Our SGX-aware orchestrator is based on Kubernetes. It allows to efficiently schedule SGX-enabled containers in a heterogeneous cluster of SGX- and non-SGX-enabled machines.
This effort is part of the SecureCloud project. SecureCloud has received funding from the European Union's Horizon 2020 research and innovation programme and was supported by the Swiss State Secretariat for Education, Research and Innovation (SERI) under grant agreement No 690111.
This program is free software: you can redistribute it and/or modify it under the terms of the GNU General Public License as published by the Free Software Foundation, either version 3 of the License, or (at your option) any later version. This program is distributed in the hope that it will be useful, but WITHOUT ANY WARRANTY; without even the implied warranty of MERCHANTABILITY or FITNESS FOR A PARTICULAR PURPOSE. See the GNU General Public License for more details. You should have received a copy of the GNU General Public License along with this program. If not, see http://www.gnu.org/licenses/.

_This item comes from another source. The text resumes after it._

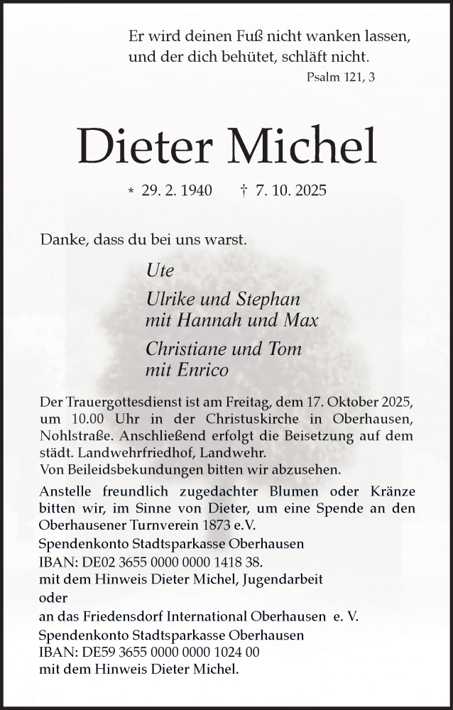 Hier finden Sie alle Traueranzeigen aus der Zeitung, die bisher für Dieter Michel erschienen sind. Weitere Traueranzeigen, die in der Zeitung erscheinen, werden hier ebenfalls aufgelistet

If you use this work in your research, please cite our paper "SGX-Aware Container Orchestration for Heterogeneous Clusters".
@inproceedings{vaucher2018sgxaware,
author={S. Vaucher and R. Pires and P. Felber and M. Pasin and V. Schiavoni and C. Fetzer},
booktitle={2018 IEEE 38th International Conference on Distributed Computing Systems (ICDCS)},
title={{SGX}-Aware Container Orchestration for Heterogeneous Clusters},
month={July},
year={2018},
pages={730-741},
doi={10.1109/ICDCS.2018.00076},
issn={2575-8411},
}
Also, if you use Stress-SGX as a workload, please also cite the corresponding paper "Stress-SGX: Load and Stress your Enclaves for Fun and Profit".
@inproceedings{vaucher2019stresssgx,
author={Vaucher, S{\'e}bastien and Schiavoni, Valerio and Felber, Pascal},
title={{Stress-SGX}: Load and Stress Your Enclaves for Fun and Profit},
booktitle={Networked Systems},
year={2019},
publisher={Springer International Publishing},
pages={358--363},
doi={10.1007/978-3-030-05529-5_24},
isbn={978-3-030-05529-5},
}
This repository is organized as such:
sgx-scheduler
|_ demo Demonstration utility script (for public presentation)
|_ deviceplugin Kubernetes-compatible device plugin
|_ docker-sgx Root image for SGX-enabled Docker containers
|_ docs Miscellaneous documentation files
|_ heapster Heapster monitoring framework (known-working commit)
|_ kubernetes Modified version of Kubernetes
| |_ pkg
| |_ kubelet
| |_ kuberuntime Communication of EPC limits
|_ metrics-probe Metrics probe running on each node
|_ results-parser Fetches and parses results right after an experiment ends
|_ runner Automated running of benchmarks/demonstrator
|_ scheduler Actual scheduler
|_ sgx-app-mem Sample SGX-enabled workload _(legacy)_
|_ sgx-driver Modified SGX driver that enforces EPC usage limits
|_ standard-app-mem Sample non-SGX workload based on stress-ng
|_ stress-sgx SGX-enabled stressing application, to be used as workload
|_ README.md The document that you are currently reading
In the following sections, we detail how to compile and deploy each component in order to end up with an SGX-compatible Kubernetes cluster.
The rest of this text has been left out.